Run cellpose segmentation and trackmate tracking.

generate_csv_files(calculate_velocities = True, get_tracks = True, get_edges = True,
                   get_rois = False, save_csv_files = True, name = None)

Generate spot, track and edge dataframes from xml file, with the option of saving them to csv files.

Parameters:

  • calculate_velocities : (bool, default = True)
    • whether to calculate velocities from trackmate data and include them in the spots csv file
  • get_tracks : (bool, default = True)
    • whether to generate a dataframe with track features
  • get_edges : (bool, default = True)
    • whether to generate a dataframe with edge features
  • get_rois : (bool, default = False)
    • whether to add a column to the spots dataframe with the ROI coordinates of each spot. THE ROIs outline the spot mask. Adding them increases the size of the dataframe considerably. The ROI feature is a list with the format [(x1,y1), (x2,y2), ...].
  • save_csv_files : (bool, default = True)
    • whether to save the csv files to the output folder
  • name : (str, default = None)
    • name of csv files.
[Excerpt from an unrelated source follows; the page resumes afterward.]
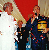 Eine Gaudi für 1000 Zuschauer sollte es werden, wenn der erste Matjes am Fallschirm die Flug/-Matjessaison einläutet. Statt aus der Luft sprang Fallschirmsprung-Lehrer Klaus Holzapfel (LSV Flensburg) mit dem Fässchen auf die Bühne zu dem singenden "Jönne Gosch" (Foto), weil Petrus zuviel Wind bescherte. In der Bootshalle wurde die luftige Matjes-Saison trotz allem kräftig gefeiert. |

If None, the name of the image file is used.

Returns --> spots_df, tracks_df, edges_df:

  • spots_df : (pandas DataFrame) - Dataframe with spot features
  • tracks_df : (pandas DataFrame) - Dataframe with track features if get_tracks = True, else None
  • edges_df : (pandas DataFrame) - Dataframe with spot features if get_edges = True, else None
get_summary_statistics()

Calculate average values of observables for spot, track and edges observables

plot_feature_over_time(spot_feature = 'Area', feature_unit = None)

Plots the average values of a feature over time.

Parameters:

  • spot_feature : (str, default = 'Area')
    • Name of spot feature to plot.
  • feature_unit : (str, default = None)
    • Name of the spot feature unit
calculate_msd(max_frame_interval = None, Ndof = 1, save_csv = True,
              name = None,  plot = True, show = True)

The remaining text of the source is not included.